We developed etas_solve to estimate the temporal ETAS model parameters based on the steepest descent method and the automatic differentiation technique. We performed numerical tests for a real catalog and synthetic catalogs and found that etas_solve outperforms SAPP in both robustness to the choice of the initial value and computation time. From the numerical test with the synthetic catalogs, initial value dependence of etas_solve was at least five orders of magnitude smaller than that of SAPP. Also, computation speed was more than eight times faster than that of SAPP on a 16‐core machine. We also found that standard errors estimated from the exact Hessian are useful to quantify the uncertainty of the MLE. The etas_solve program supports an auxiliary window in time and magnitude. The user is able to fix any parameters and perform optimization over the rest of the parameters. Source code of etas_solve is available under GNU General Public License v.3.

## DATA AND RESOURCES

The etas_solve program is available at https://github.com/kshramt/fortran_lib (last accessed October 2015) and https://bitbucket.org/kshramt/fortran_lib (last accessed October 2015). A Python script that contains essentially the same code as that used to generate the synthetic catalogs is also available in the repositories.
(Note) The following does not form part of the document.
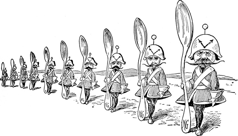 #vintage illustration #spoons #tiny men #illustration
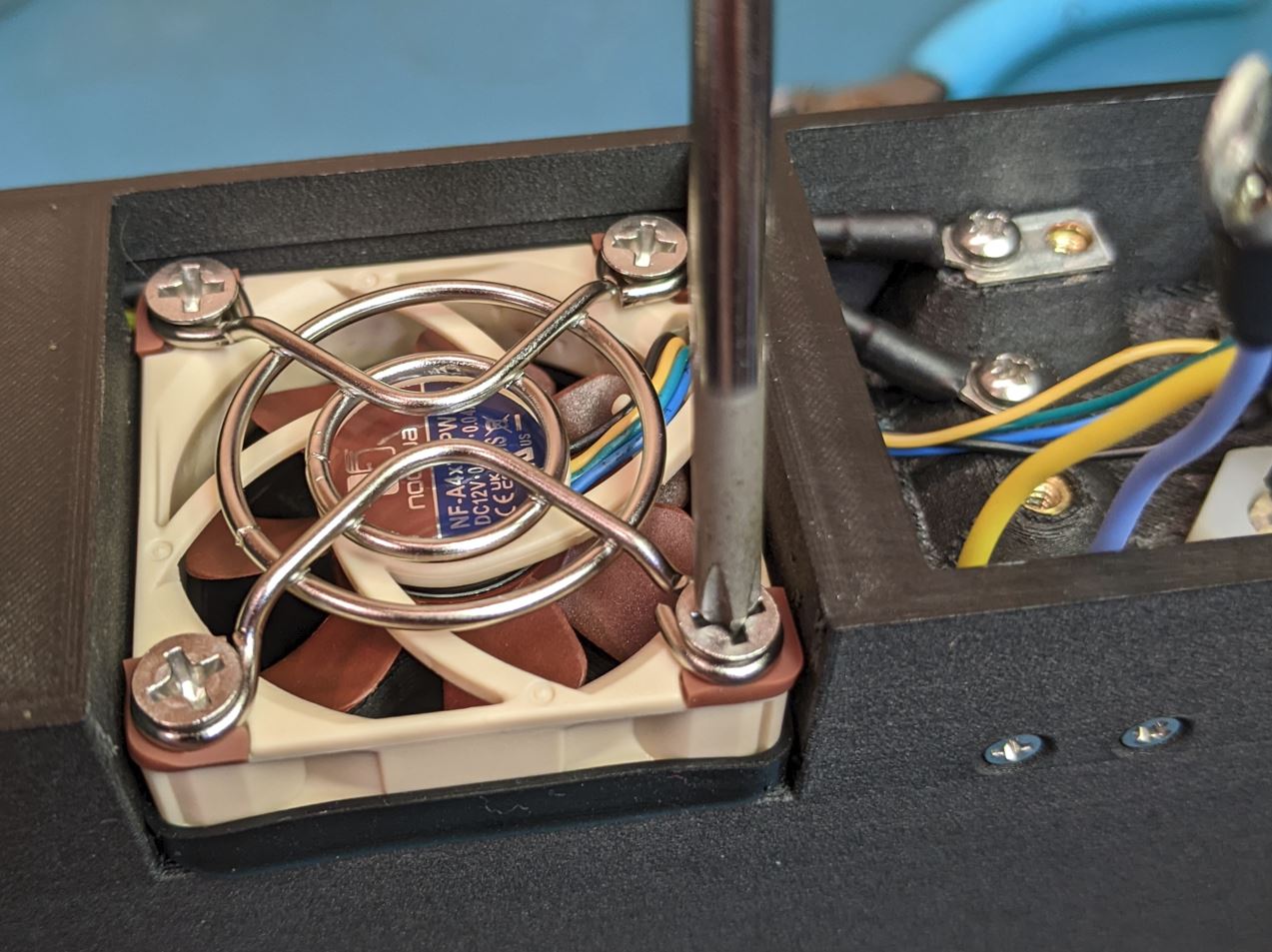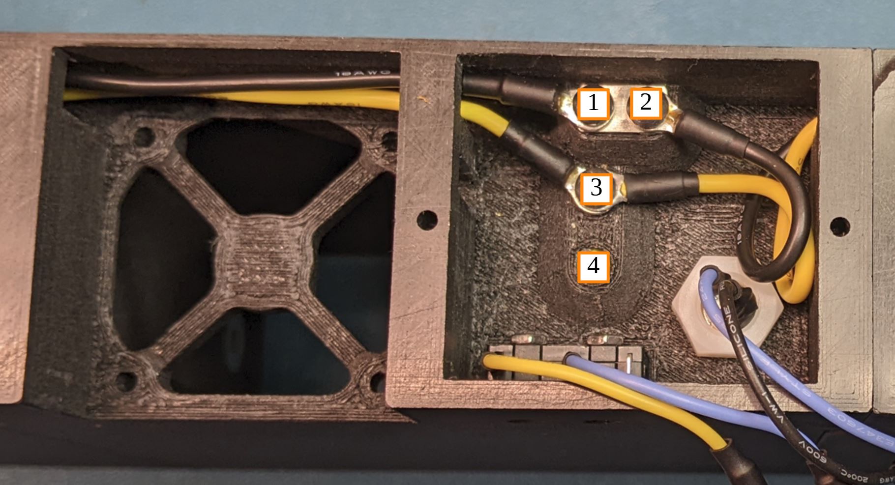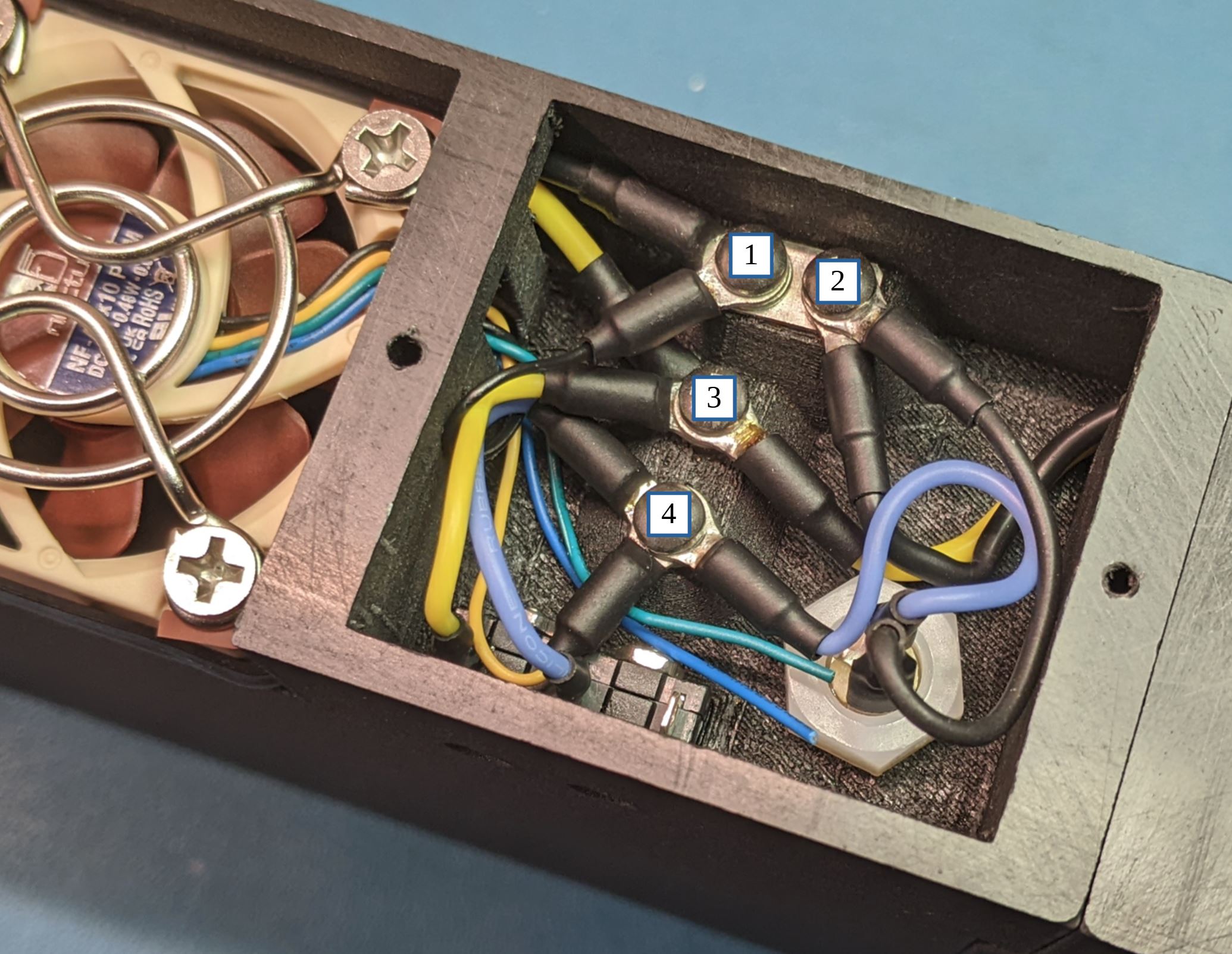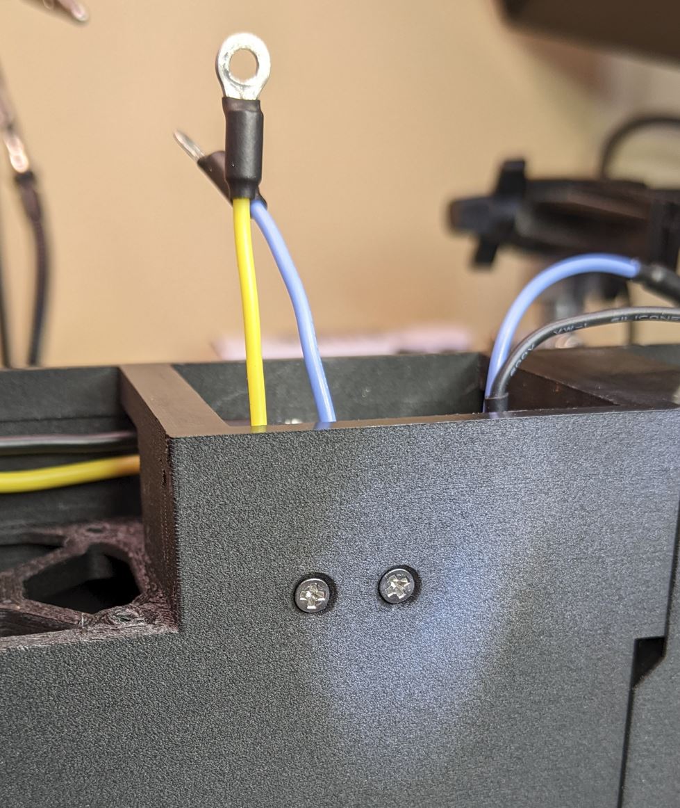 Attach the black ground wire from the left to the top left most screw. Place a jumper plate between the terminal and the threaded insert. Attach the yellow wire from the left to the screw terminal in the middle. Make sure that the two transfer wires from the left sit flat along the top of the case where they go over the fan cutout. Not required at this point, but you can also attach the transfer wires to the next module (to the right). You will want to make sure that the wires sit flat above the fan and any extra wire length is contained inside the wirebox near the connector.

Statistical analysis of point processess (SAPP) v.1.0.6 was downloaded from http://jasp.ism.ac.jp/ism/sapp/index_e.html (last accessed July 2015).

## ACKNOWLEDGMENTS

We thank two anonymous reviewers and Associate Editor Jeremy Douglas Zechar for their useful comments. We thank Editor Zhigang Peng for his careful guidance. A seminar presentation by Jiancang Zhuang was useful. This study was supported by Grant‐in‐Aid for The Japan Society for the Promotion of Science (JSPS) Fellows (No. 25·653) to A. K., Grant‐in‐Aid for Scientific Research 24101011 of the Japan Ministry of Education, Culture, Sports, Science, and Technology to Y. Y., and JSPS KAKENHI Grant 26240004 to B. E.